Neue Staffel „House of the Dragon“: Hunger nach aufgeschlitzten Eingeweiden
Werden die Frauen erfolgreich Diplomatie betreiben, neben Rhaenyra ist da die Nebenbuhlerin Alicent Hightower (Olivia Cooke) zu nennen – sind sie nicht die besseren Politiker, weil zu Empathie fähig? Aber ohne Kriegshandlungen kein Thrill, man kann sich vorstellen, wie das alles ausgeht. In „House of the Dragon“ wird weiter mit Hunger nach aufgeschlitzten Eingeweiden das Schwert gezogen.

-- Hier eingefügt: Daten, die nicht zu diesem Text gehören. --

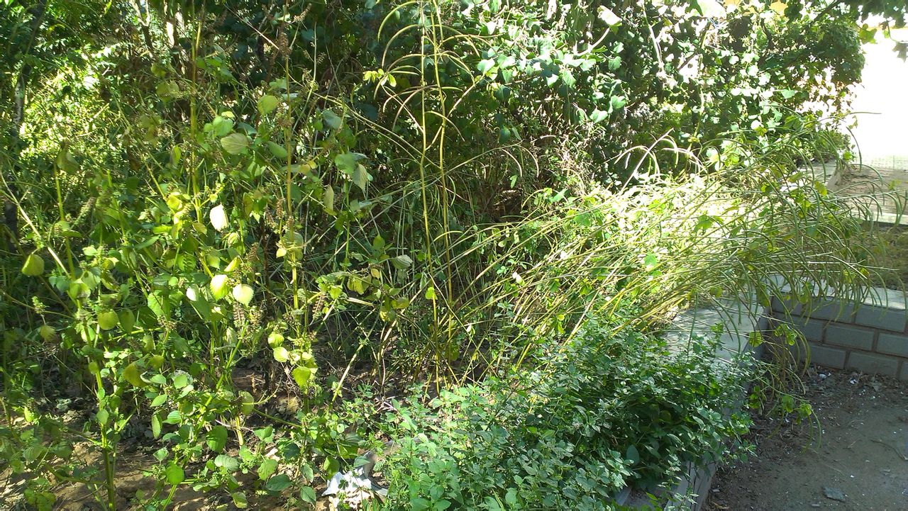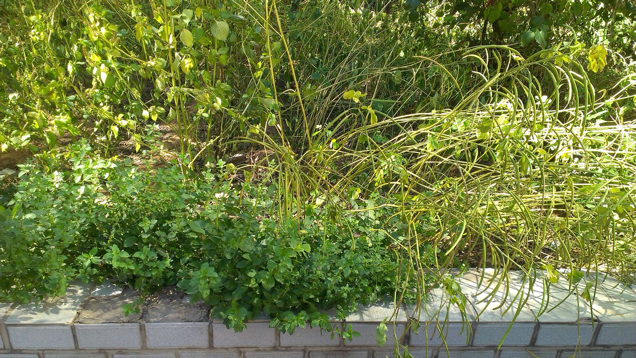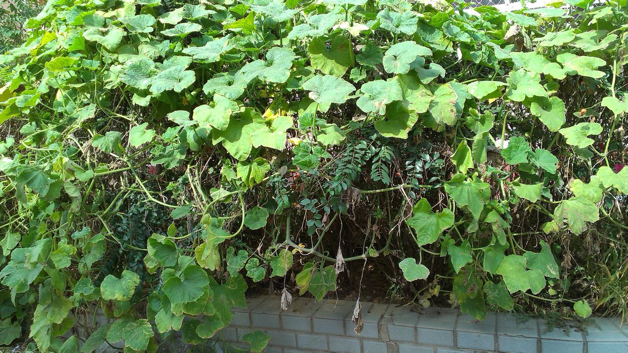 盛夏时节:勤劳的人们在花坛里种上的各种作物,异常茂盛。
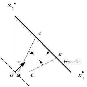 , областью допустимых решений является четырехугольник ОАВС. Далее надо построить вектор с = (
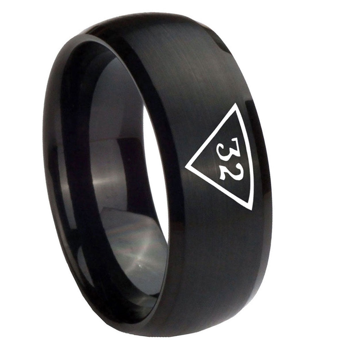 Celebrate with the 10mm Masonic 32 Triangle Freemason Dome Brush Black Tungsten Carbide Men's Wedding Band. This brushed black dome ring with Masonic design is perfect for weddings.

Trauer, Hass, Neid, der Glaube an die Vorsehung und der Kampf um die Macht, die auf jahrhundertealten Legitimationen beruhen soll, sowie die jeweils eigene Agenda, die wirklich jede Figur hier antreibt, sind die verlässlichen Plot-Bestandteile dieses herrlichen Fake-Mittelalter-Quatsches, der immer noch gut funktioniert. Aber das vor allem nicht zuletzt deswegen, weil die Drachen jetzt mal richtig ernst machen.
Wo sie ihren feurigen Atem hinschicken, wächst kein Gras mehr. Ob HBO mit „House of the Dragon“ die Streaming-Konkurrenz, also zum Beispiel auch die nächste „Star Wars“-Serie auf Disney+, plattmachen wird? Gut möglich, aber neue machtvolle Erzählungen wird das Serienfernsehen demnächst dennoch brauchen. Die neuen Aufgüsse alter Geschichten werden nie der heiße Scheiß sein.
Die neuen Folgen von „House of the Dragon“ laufen ab dem 17. Juni auf Sky/Wow.